What to work on: Everything in the listing must be repeated exactly, apart from the images.

Given information:
╔══

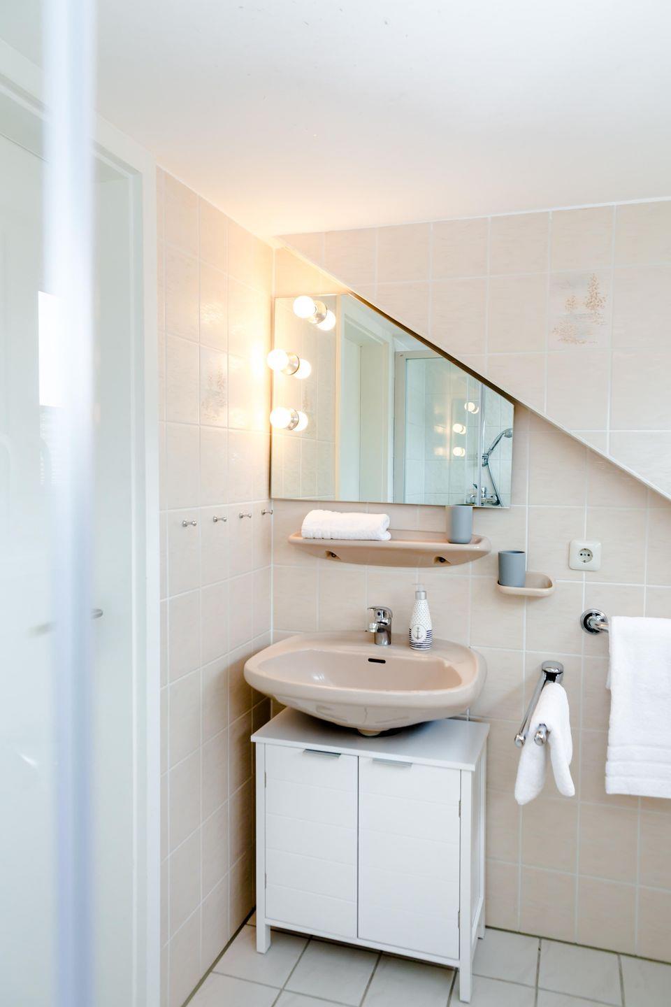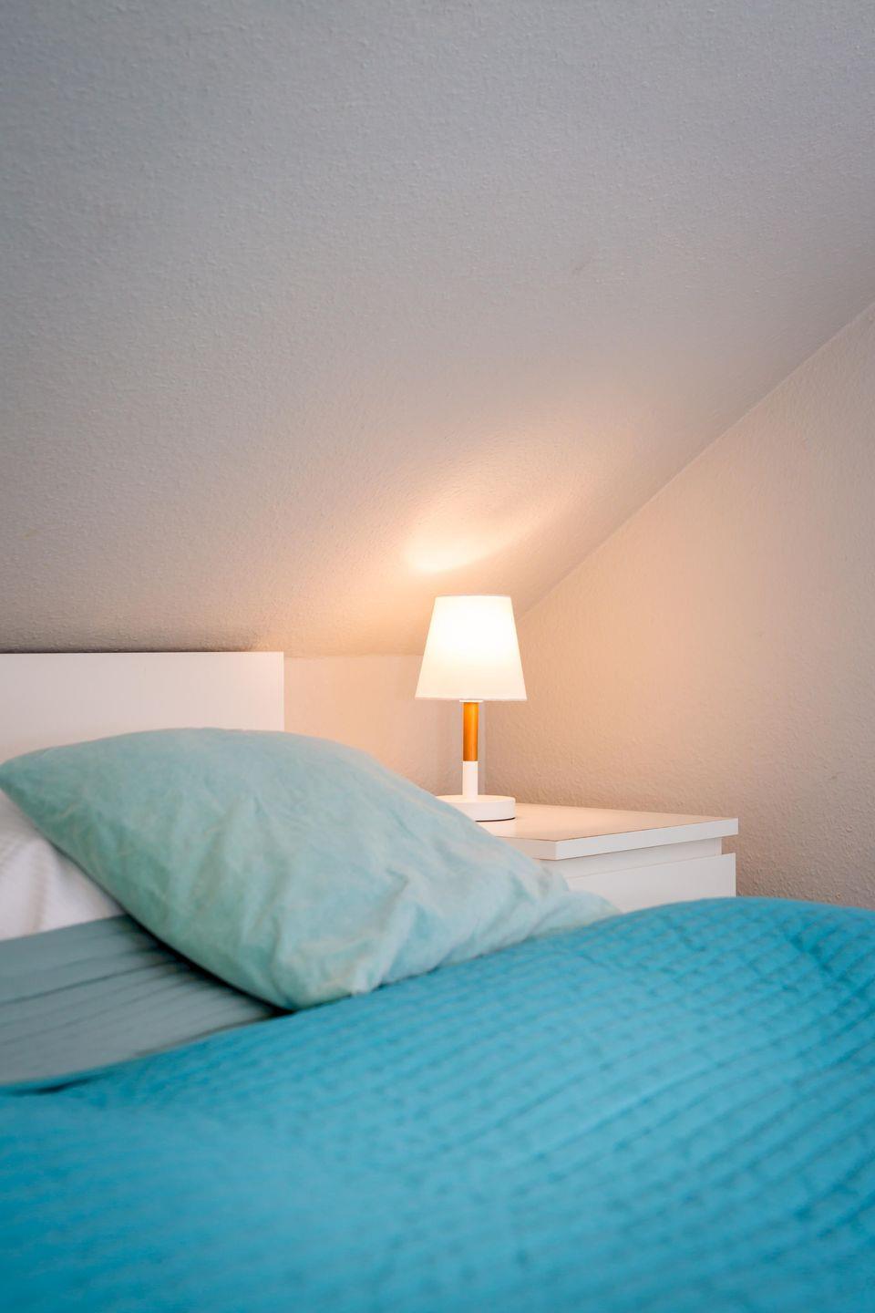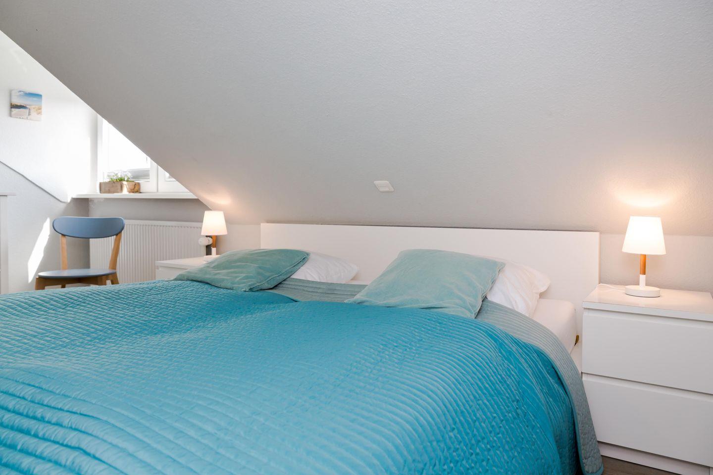 Das Schlafzimmer mit Doppelbett liegt angenehm ruhig und bietet ausreichend Stauraum. Das Badezimmer ist hell gestaltet und sorgt mit Tageslicht für einen frischen Start in den Tag.
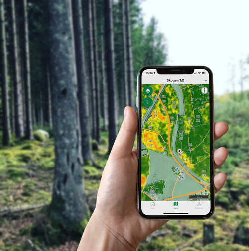 – När du är ute i din skog så utgår du från kartan som finns i appen. Bland de olika kartlager som finns hittar du ett lager som heter ”Riskindexkarta granbarkborre”. Den kartan visar områden med den typ av skog där sannolikheten för angrepp är störst, ju rödare det är i den kartan desto attraktivare är skogen ur granbarkborrens synvinkel. Så kartan visar inte var det finns angrepp, utan bara den typ av skog som granbarkborrarna gillar att föröka sig i. När du hittar angripna träd så markerar du enkelt platsen med insektsskada, och om du vill kan du också göra en egen notering.
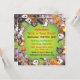 Super Fun Halloween Trick o Treat Party Invitation con una gran variedad de galletas espeluznantes. Calabaza de galletas de azúcar, esqueleto de pan de jengibre, fantasmas amistosos, gato negro, gorra de brujas, cabeza de monstruo, telaraña, maíz de dulce y otras galletas horneadas rodean la información de su fiesta. Ideal para una fiesta de halloween para niños o adultos. Ilustracion dibujado a mano por McBooboo.

╚══

Written response:
 Das Schlafzimmer mit Doppelbett liegt angenehm ruhig und bietet ausreichend Stauraum. Das Badezimmer ist hell gestaltet und sorgt mit Tageslicht für einen frischen Start in den Tag.
 – När du är ute i din skog så utgår du från kartan som finns i appen. Bland de olika kartlager som finns hittar du ett lager som heter ”Riskindexkarta granbarkborre”. Den kartan visar områden med den typ av skog där sannolikheten för angrepp är störst, ju rödare det är i den kartan desto attraktivare är skogen ur granbarkborrens synvinkel. Så kartan visar inte var det finns angrepp, utan bara den typ av skog som granbarkborrarna gillar att föröka sig i. När du hittar angripna träd så markerar du enkelt platsen med insektsskada, och om du vill kan du också göra en egen notering.
 Super Fun Halloween Trick o Treat Party Invitation con una gran variedad de galletas espeluznantes. Calabaza de galletas de azúcar, esqueleto de pan de jengibre, fantasmas amistosos, gato negro, gorra de brujas, cabeza de monstruo, telaraña, maíz de dulce y otras galletas horneadas rodean la información de su fiesta. Ideal para una fiesta de halloween para niños o adultos. Ilustracion dibujado a mano por McBooboo.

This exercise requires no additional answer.